O a nadie le importaba o reinaba la impotencia. “La situación es de ámbito privado. Si no viene la damnificada, no podemos hacer nada. Tenés que ir a la Municipalidad y hacer una denuncia por ruidos molestos”. Cuando escuché eso de una oficial de policía que abría la boca exageradamente para mascar chicle y responder mis dudas, entendí que la burocracia no penetra en los senos familiares. Ya pasó casi un año desde que me fui y hasta el día de hoy no sé qué será de la vida de esa pareja del primero C.
“Siempre me hacés lo mismo pelotuda, no te das cuenta…”. Alcancé a escuchar ayer por la tarde cuando entraba ahora al edificio de la calle Pizzurno al 300. Casualmente, esta pelea a gritos pelados también venía del primer piso. “Pasa todos los días, parece que él la caga a palos”, me dijo el portero cuando lo miré y entendió que si no comentábamos algo íbamos a ser corresponsales del silencio, responsables de la hipocresía. Me dio el pié, le conté mi experiencia, y quedamos en llamar a un centro de atención a la víctima de violencia doméstica.
A nivel nacional, hoy la noticia gira en torno de Carla Figueroa. Su marido estuvo preso ocho meses porque ella misma denunció que la había violado, pero lo perdonó y a fines de octubre se casó con él con la intención de rehacer su vida. El fin de semana pasado, Carla apareció muerta.

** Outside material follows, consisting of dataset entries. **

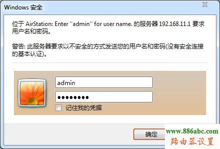 1.進入路由器web管理設置界面:打開瀏覽器,在地址欄里輸入本產品的IP地址(出廠默認為192.168.11.1),然后按回車鍵。出現要求輸入用戶名密碼的畫面時,請按以下輸入:用戶名→admin 密碼→password,點擊[確定]。 |
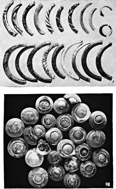 Стеклянные изделия: 1 – браслеты, 2 – донца бокалов. Раскопки в Киеве в 1936–1937 гг.
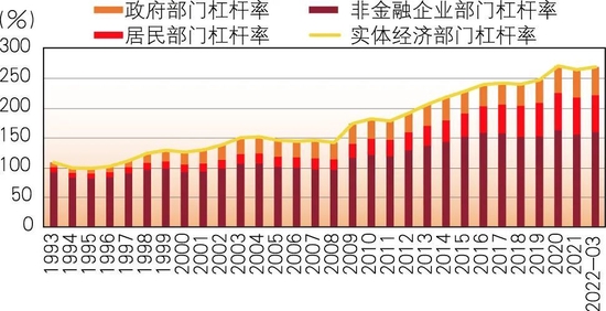 图4 1993年至2022年3月实体经济部门杠杆率
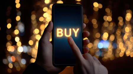 Person is using smartphone to tap on glowing BUY button, surrounded by blurred background of festive lights. scene conveys sense of excitement and urgency in online shopping

Su marido, el mismo a quien había perdonado, la acribilló a cuchillazos.
“Yo pateé la puerta, me desgarré las dos caderas de tanto patear... me abre la puerta, sin prender la luz veo a Carla paradita, que me tiraba los brazos y él la seguía apuñalando. Él me abre los brazos llenos de sangre, la volvió a acomodar en el piso y le seguía dando", contó consternada la madre de Marcelo Tomaselli, el asesino.
Carla, sin dudas, fue una víctima más de los “oídos sordos”. Como posiblemente todavía lo sea la chica del primero C de la calle Saavedra y como lo definitivamente es la del primer piso de la calle Pizzurno. El resto, corresponsales del silencio, responsables de la hipocrecía.

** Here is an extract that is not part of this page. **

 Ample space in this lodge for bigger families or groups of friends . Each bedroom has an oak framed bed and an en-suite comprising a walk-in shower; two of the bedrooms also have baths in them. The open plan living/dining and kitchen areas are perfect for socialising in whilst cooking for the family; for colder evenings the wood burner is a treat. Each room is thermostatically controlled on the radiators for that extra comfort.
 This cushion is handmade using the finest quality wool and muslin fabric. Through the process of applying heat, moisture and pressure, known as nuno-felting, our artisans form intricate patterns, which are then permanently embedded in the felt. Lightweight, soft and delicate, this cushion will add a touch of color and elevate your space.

Según estadísticas, en lo que va de 2011 murieron alrededor de 240 mujeres en femicidios. En tanto, la violencia contra las mujeres es un problema social que, a lo largo de la historia de la humanidad, se ha naturalizado y arraigado culturalmente. Consiste en todo acto o amenaza de violencia física, psicológica, sexual o económica que expresa la desigualdad existente entre varones y mujeres. Se lo puede denunciar al 0800-555-0137 en Provincia, o al 137 en la Ciudad de Buenos Aires, las 24 hs. los 365 días del año.